Joseph Plaud Continues to Preserve Legacy of Franklin and Eleanor Roosevelt

Joseph Plaud is committed to preserving the legacy of FDR and the New Deal

Online PR News – 26-June-2014 – Whitinsville, MA – Joseph Plaud attended Clark University in Worcester, Massachusetts, where he majored in psychology and minored in history and philosophy. He graduated summa cum laude and with High Honors in Psychology in 1987.

Joseph Plaud enrolled as a graduate student at the University of Maine, and earned his Ph.D. in clinical psychology in 1993. He did his clinical internship at the University of Mississippi, and at the Jackson Department of Veteran’s Affairs Medical Centers in Jackson.

Today, he is licensed to practice in Massachusetts and New York, but he has also become an authority on one of the major figures of the twentieth century. “I am a professional forensic clinical psychologist,” Joseph Plaud says, “and have worked for decades in the preservation of the legacies of Franklin and Eleanor Roosevelt and the New Deal.”

Joseph Plaud first became interested in Franklin and Eleanor Roosevelt when he was in junior high, when his grandmother’s descriptions of the achievements of the thirty-second President really sank in. “She loved FDR,” Joseph Plaud recalls, “and as a kid she regaled me with stories of him.”

His grandmother’s stories had an enormous affect on young Joseph Plaud.

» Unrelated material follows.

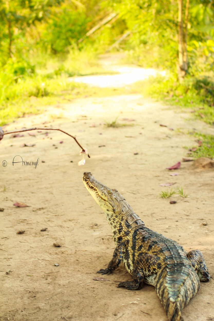 Here is one of my brave moments getting really up close and personal with a crocodile. At first, it was a lot of hiding behind people and standing as far away from the crocodiles as possible. Then, one baby step after the other, I was getting closer and closer to the crocs, and at one point of bravery high I almost sat on one. Of course, the tour guide was nearby in case things painfully backfired. The crocodiles were pretty tame or perhaps they were just very lazy. Either way, it was a good thing.

He began to collect whatever FDR artifacts he could find; he also collected items relating to the former First Lady. There was nothing haphazard about it; Joseph Plaud collected things systematically, and in time he amassed some ten thousand pieces. There was so much material that he had enough to open the Franklin D. Roosevelt American Heritage Center Museum in Worcester, and experts were enormously impressed by it. It was a collection, one observed, that was put together with a lot of thought.

There was so much material that Joseph Plaud and his wife opened The Franklin D. Roosevelt American Heritage Center in Worcester, Massachusetts, in July 2004. Among the items on display were an original land deed signed in 1696, in which five Native American chiefs gave their land to early Dutch settlers. This land later became FDR’s estate in Hyde Park, New York.

It also included FDR’s Tiffany wristwatch, which the President wore at the famous Yalta Conference, and a gold and diamond compact with an engraved message on it, FDR’s 1934 Christmas gift to Eleanor.

“The purpose of the Franklin D. Roosevelt American Heritage Center, Inc.,” Joseph Plaud said at the time, “is to provide educational and other learning opportunities concerning Franklin and Eleanor Roosevelt, with focus on the New Deal in American history during the 1930s and 1940s, the continued importance and relevance of the New Deal legacy in the world today, and to promote dissemination of such topics to the public.”

The FDR center, he went on, “has become a major cultural resource to the citizens of greater Worcester, Massachusetts, including New England and many areas around the country whose citizens have visited our museum of American history.”

Ultimately, the museum was forced to close when the City of Worcester did not renew its lease, and a new location could not be found. Joseph Plaud sold most of his collection at auction. But he remains committed to doing what he can to preserve the Roosevelt legacy, and is currently a member of the Board of Trustees on the FDR Presidential Library and Museum in Hyde Park, New York.

Joseph Plaud is committed to preserving the legacy of FDR and the New Deal.